During a bad snow day, my daughters school bus ran up a curb, tore down live power lines, and bumped into another school bus on the opposite curb. My daughter endured a wrist injury documented by an orthopedist.
My question is this: Will her settlement go into Probate until she is of legal age, or will the settlement go to her parents for her present needs? She is in need of silly things: a bed frame, dresser, and cloths. While I am her mother, and did provide my time, money, transportation for her care, I could care less about the money ~ except that I could make her life a little nicer now. Still, with that, if the money does go to Probate, what about the bills, and attorney fees? Are they just expected to wait until she is 18, or will I have be responsible for them now?
In Ohio, minor settlements are supposed to be submitted to the probate court for approval. This process helps ensure that the minor is receiving adequate compensation for their injuries, that the attorney fees and costs are reasonable and to ensure that the funds are secured for the use of the minor once they have reached the age of majority. However, many local probate courts will adopt their own rules and regulations concerning minor settlements. You should review the local rules of your probate court as well as the rules set forth in the Ohio Revised Code § 2111.18 as well as the other applicable statutes.

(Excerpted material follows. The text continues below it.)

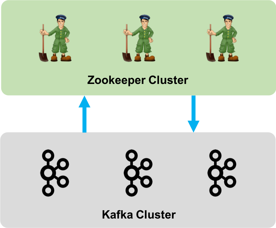 브로커는 한 대 이상의 노드로 클러스터를 구성할 수 있습니다. 하지만 현재(2020.03.28 v2.4.1)는 브로커들로만 클러스터를 구성할 수 없습니다. 브로커의 여러 가지 메타 정보를 저장 관리해주는 주키퍼(Zookeeper)가 필요하기 때문입니다. 따라서, 카프카를 구성할 때는 한 대 이상의 주키퍼로 구성된 주키퍼 클러스터와 한 대 이상의 브로커로 구성된 브로커(=카프카) 클러스터로 구성됩니다.

Most probate courts will allow the minor, by and through the parents or guardian, to petition the court for access to some of the funds in emergency situations. Frequently, courts will allow a portion of the settlement to go towards educational expenses, medical expenses and other unique situations. The attorney fees and medical expenses are frequently submitted to the probate court for approval and taken care of prior to the close of the case.

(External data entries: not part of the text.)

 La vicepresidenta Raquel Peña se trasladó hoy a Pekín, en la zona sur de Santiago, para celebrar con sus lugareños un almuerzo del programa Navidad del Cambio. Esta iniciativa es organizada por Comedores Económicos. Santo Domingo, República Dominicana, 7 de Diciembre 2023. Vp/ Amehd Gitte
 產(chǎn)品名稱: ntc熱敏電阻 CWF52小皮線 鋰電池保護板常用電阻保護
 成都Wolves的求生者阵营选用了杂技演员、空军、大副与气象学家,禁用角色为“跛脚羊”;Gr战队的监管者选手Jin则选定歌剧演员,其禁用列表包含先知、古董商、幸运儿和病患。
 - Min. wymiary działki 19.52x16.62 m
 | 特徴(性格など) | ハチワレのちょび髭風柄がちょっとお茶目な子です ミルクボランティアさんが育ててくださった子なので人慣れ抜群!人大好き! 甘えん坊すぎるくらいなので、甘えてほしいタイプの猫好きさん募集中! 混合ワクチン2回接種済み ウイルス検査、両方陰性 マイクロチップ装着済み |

If you have additional questions or concerns, please contact an attorney who is familiar with this area of law.
Typically, minor settlement proceeds are deposited into a restricted savings account or invested for the minor's benefit. Your lawyer will move the probate court to accept the settlement terms, and order payment of attorney fees, attorney expenses, and medical expenses now- not when the minor turns 18. Then the proceeds for the minor will go into an account or investment.
The other lawyers here are right: the court may allow withdrawals for educational / medical expenses. However, courts usually presume that as the child's parent, you are responsible for her needs re: bed frame, dressers, clothes, etc.
In many states, distribution of proceeds from personal injury claims for minors are strictly regulated by statutes. For instance, in WA, when a suit is filed and a settlement or verdict is obtained, a guardian is usually assigned by the court/judge, and that guardian makes a set of recommendations about distribution such as compensating parents for various expenses.
It sounds like your daughter has already received a settlement, and I wonder why you haven't referred to a secure account held in trust or other safeguard for the funds until she reaches the age of 18.
On the other hand, if you are in the process of pursuing a claim, go to an experienced personal injury attorney who can help you with the claim against the driver and other potential defendants. Keep in mind that the claim settlement mostly will be limited by the expenses for past and future expenses associated with the bodily injury your daughter suffered, any chronic pain or disability/loss of use, along with her pain and suffering.